*Goal of the exercise*.
What you return should be only the lines in the entries below between the one holding "K záchraně osoby, která" and the one holding "Palatial Verdant Oasis Velvet Table Runner", ends included, with every picture left out.
******
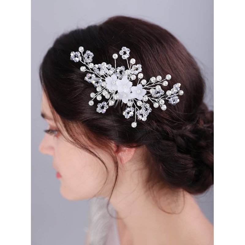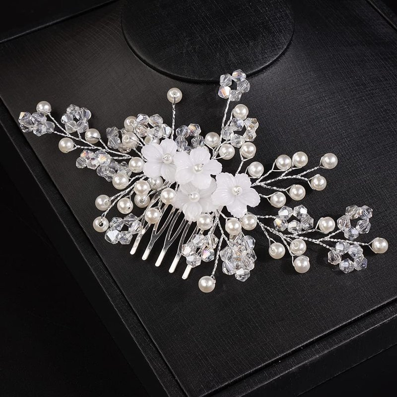 - ♥Material: Wedding hair accessories are made of alloy,beads,imitation pearl flower and comb,well crafted,stays securely in your hair.
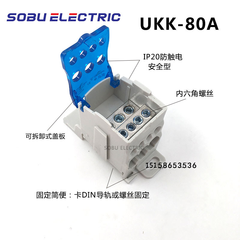 UKK80A rail-type one-in-six-out terminal block branch wire box current connection surface-mounted wire box one point six
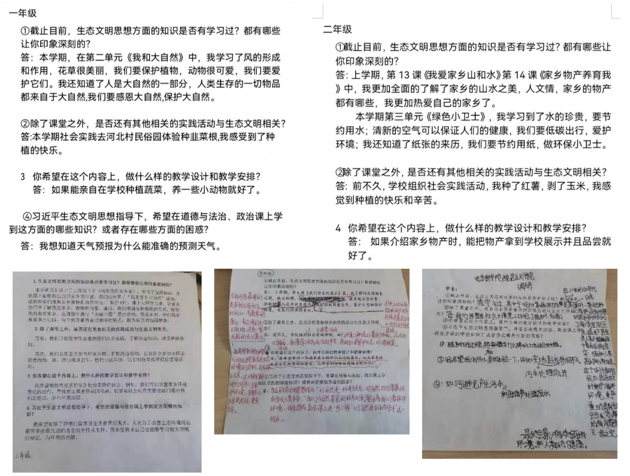 熊学艺老师与昌平第二实验小学的一至六年级员工进行了访谈,围绕“生态文明知识的学习”“对思政课的学习感受”“思政课学习体验与意见”等问题与员工进行了交流。昌平实验二小针对思政课教师力量不足的实际,充分发挥其他任课老师兼职思政教师的特点,打通课程,形成特色教学方式。
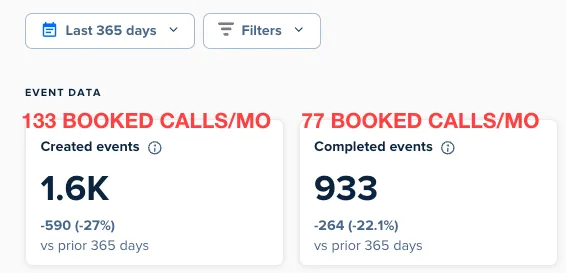 In 2024 we were able to increase our booked calls by 224% (pretty dramatic). For the year, we booked over 1,600+ calls, with 933+ showed up live calls.
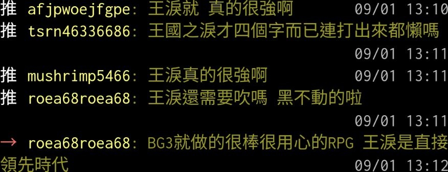 → wuchianlin: ,goty未免也太看不起王國之淚跟BG3了吧 09/07 10:14
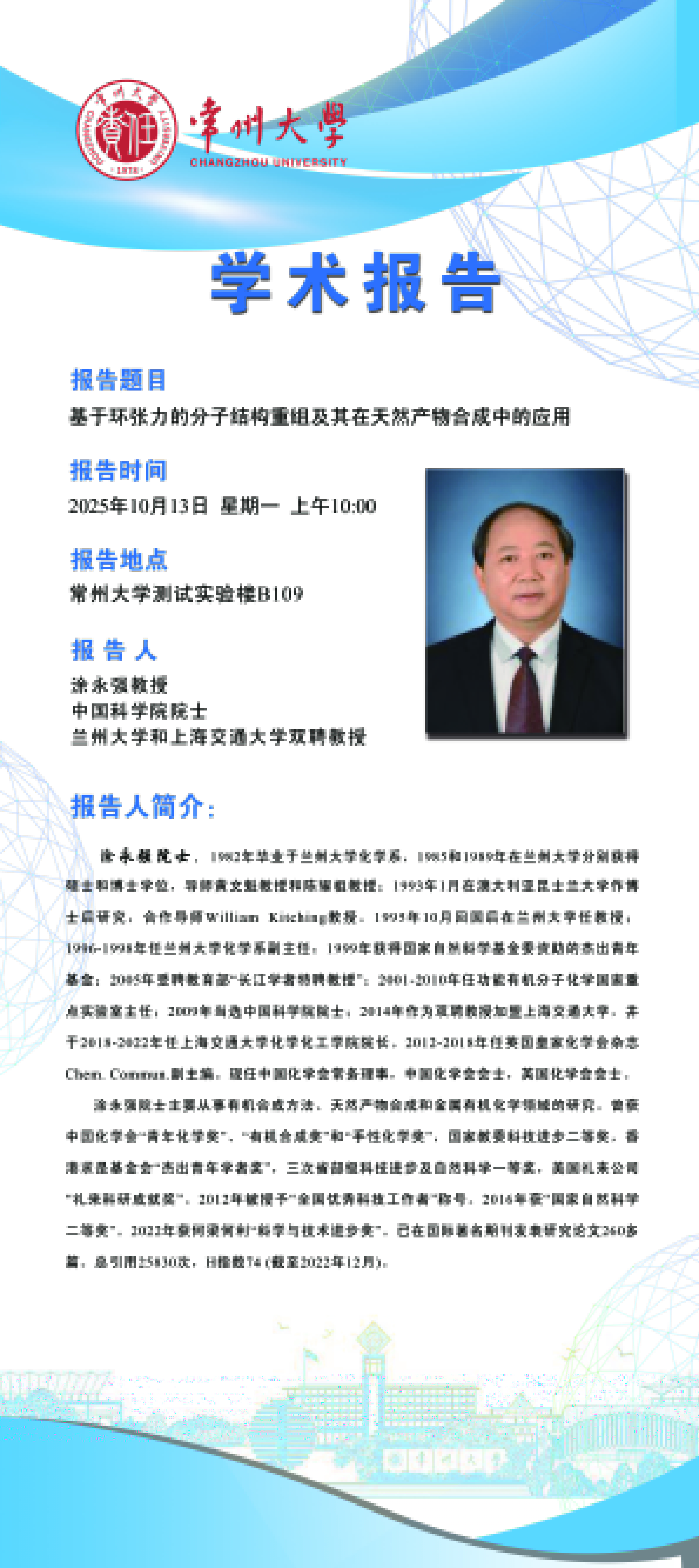 【學術報告】10月13日基于環(huán)張力的分子結構重組及其在天然產(chǎn)物合成中的應用
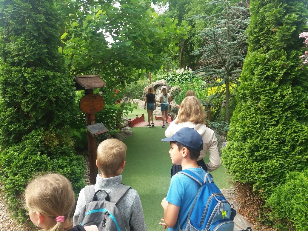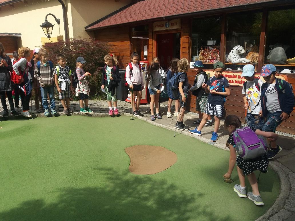 Natěšený autobus dětí z 2.A,3.A, i 4.A vyrazil na výlet do minizoo s minigolfem. Při hraní golfu jsme ani nevnímali zvířata kolem sebe a hráli a hráli. Po zážitcích z golfu jsme začali objevovat zvířata a indiány, pyramidu, sopku, Transylvánii, Řecko.....putovali světem. Byl to moc hezký a pohodový den.
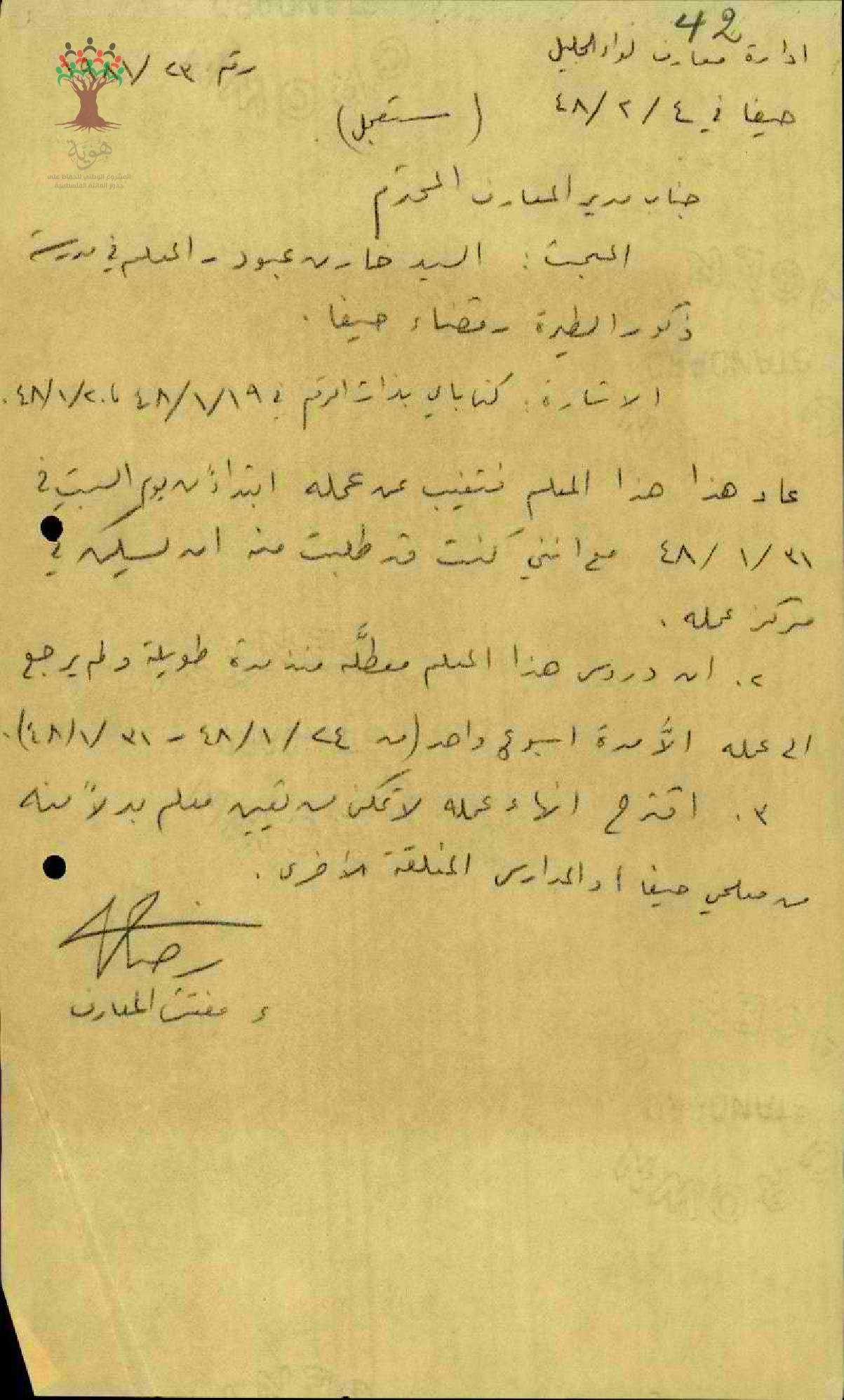 رسالة من مفتش المعارف إلى مدير المعارف يبحث معه أمر غياب المعلم خازن عبود وتوقف دروسه واقتراح انهاء عمله
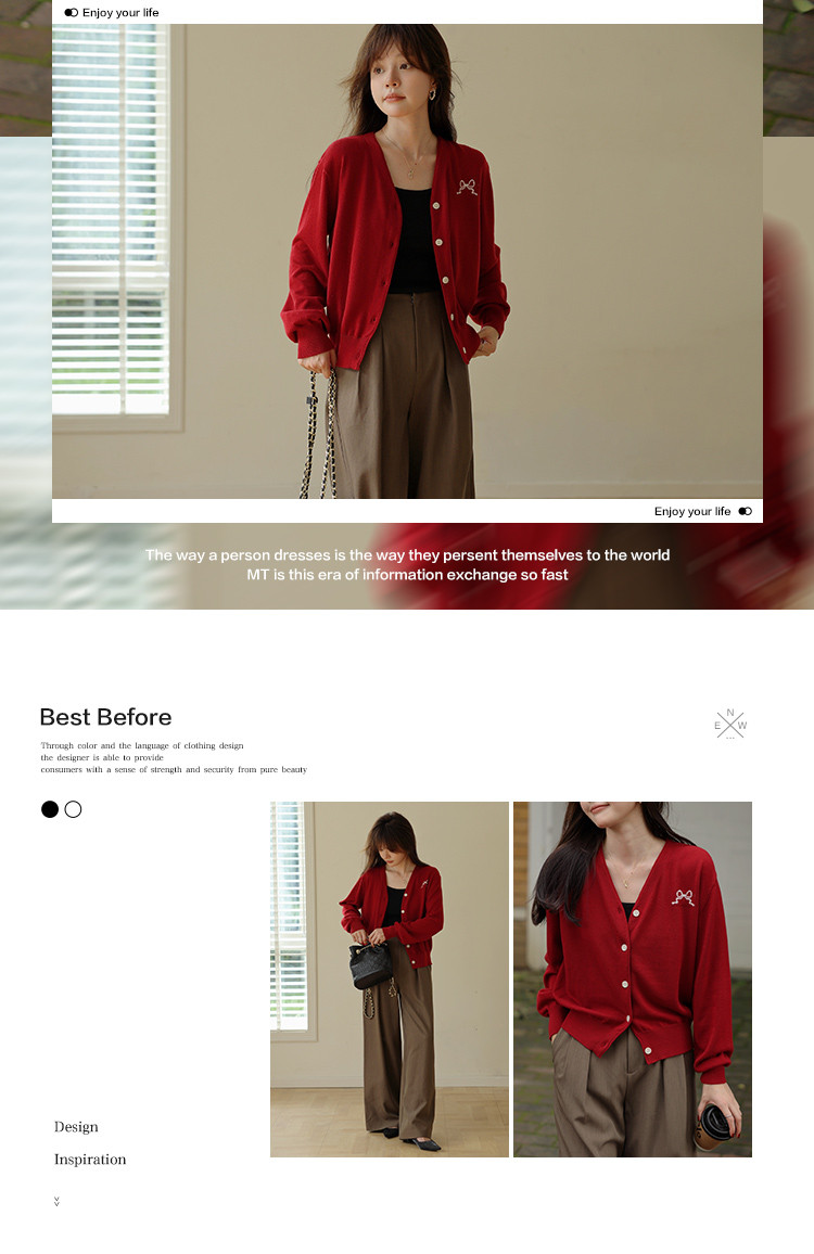 【高智感氛围】秋简约风绣花V领开衫软糯含绵羊毛针织衫女上衣
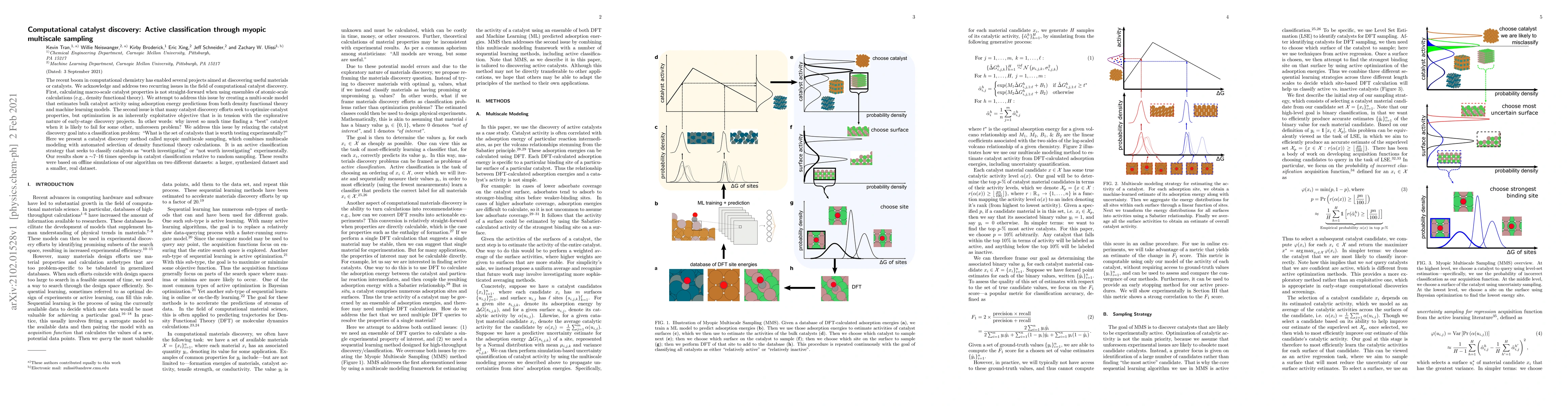 This paper introduces a computational catalyst discovery method called myopic multiscale sampling that combines multiscale modeling and machine learning to classify catalysts as "worth investigating" or "not worth investigating" experimentally. The approach addresses challenges in scaling atomic-scale calculations to macro-scale properties and provides a more explorative alternative to traditional optimization-focused discovery methods.
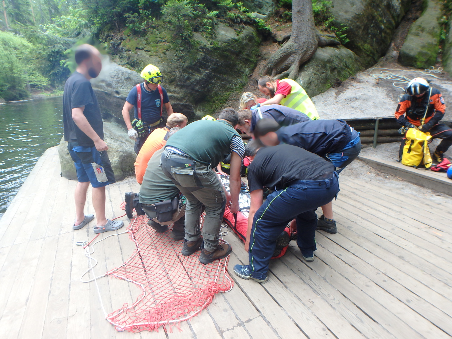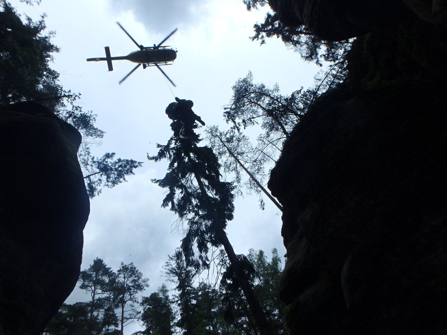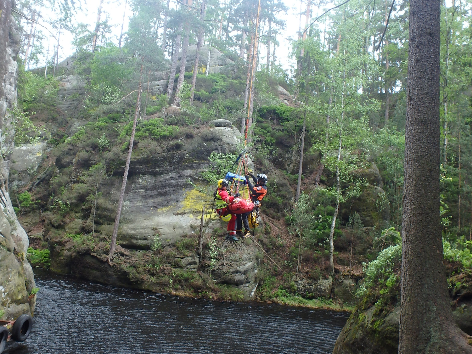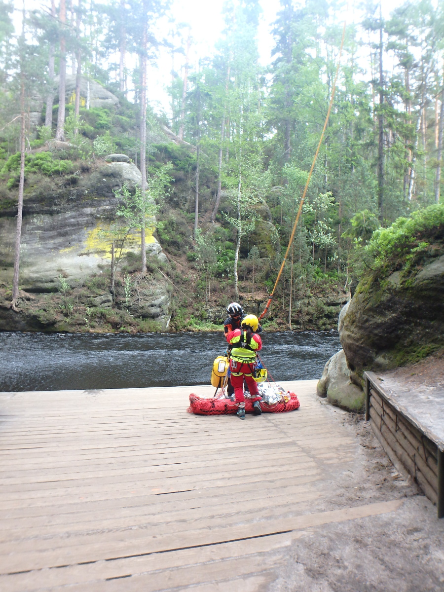 K záchraně osoby, která měla zdravotní potíže, vyráželi hasiči a zdravotničtí záchranáři ZZS KHK včetně vrtulníku LZS do oblasti Horního Adršpachu. Komplikací bylo, že se člověk nacházel pro techniku v nedostupném terénu Adršpašských skal u Adršpašského jezírka na nástupní ploše na pramice. Na místo byli vysláni kromě posádky ZZS také dobrovolní hasiči z Adršpachu a profesionální ze stanice Trutnov. I kvůli náročnosti okolního terénu bylo rozhodnuto, že pacienta vyzvedne v místě vrtulník letecké záchranné služby pomocí lanového podvěsu. Osobu zajistili a připravili záchranáři ve spolupráci s hasiči, na nástupní plochu se pak pomocí proměnného podvěsu slanil letecký záchranář HZS spolu s lékařkou ZZS. Zajištěného pacienta ve vakuové matraci a transportní síti pak v 50m podvěsu transportovali na bezpečné místo k dalšímu ošetření.
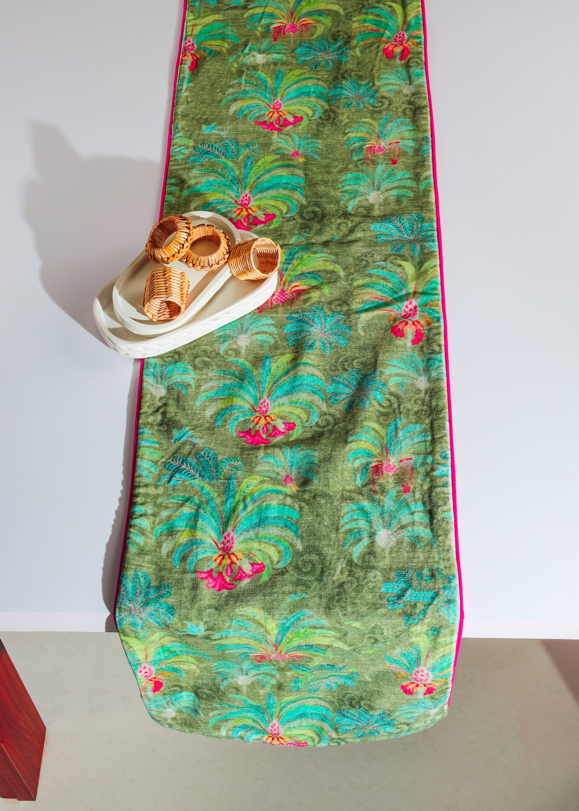 Palatial Verdant Oasis Velvet Table Runner
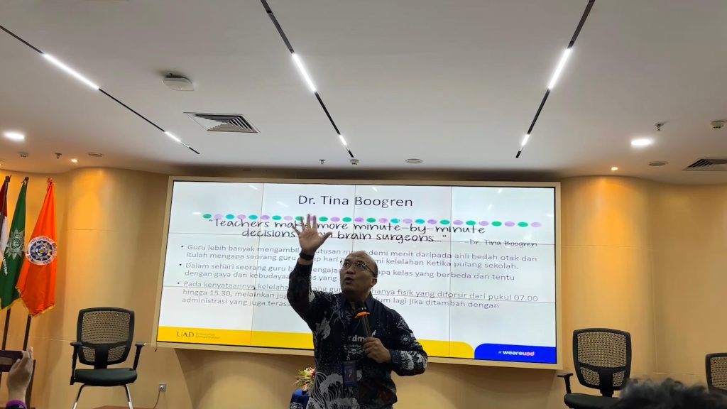 Beliau menegaskan bahwa “Guru yang bahagia akan mampu menciptakan siswa yang bahagia.” Dalam paparannya, Prof. Dodi juga menyoroti beratnya tanggung jawab guru, dengan mengutip pernyataan Dr. Tina Boogren, “Teachers make more minute-by-minute decisions than brain surgeons.” . Ungkapan ini juga menggambarkan betapa guru harus mengambil begitu banyak keputusan penting setiap menitnya, sehingga profesi guru menuntut fokus, ketenangan, dan kestabilan emosi yang tinggi.
******
*Output of the exercise*.
 K záchraně osoby, která měla zdravotní potíže, vyráželi hasiči a zdravotničtí záchranáři ZZS KHK včetně vrtulníku LZS do oblasti Horního Adršpachu. Komplikací bylo, že se člověk nacházel pro techniku v nedostupném terénu Adršpašských skal u Adršpašského jezírka na nástupní ploše na pramice. Na místo byli vysláni kromě posádky ZZS také dobrovolní hasiči z Adršpachu a profesionální ze stanice Trutnov. I kvůli náročnosti okolního terénu bylo rozhodnuto, že pacienta vyzvedne v místě vrtulník letecké záchranné služby pomocí lanového podvěsu. Osobu zajistili a připravili záchranáři ve spolupráci s hasiči, na nástupní plochu se pak pomocí proměnného podvěsu slanil letecký záchranář HZS spolu s lékařkou ZZS. Zajištěného pacienta ve vakuové matraci a transportní síti pak v 50m podvěsu transportovali na bezpečné místo k dalšímu ošetření.
 Palatial Verdant Oasis Velvet Table Runner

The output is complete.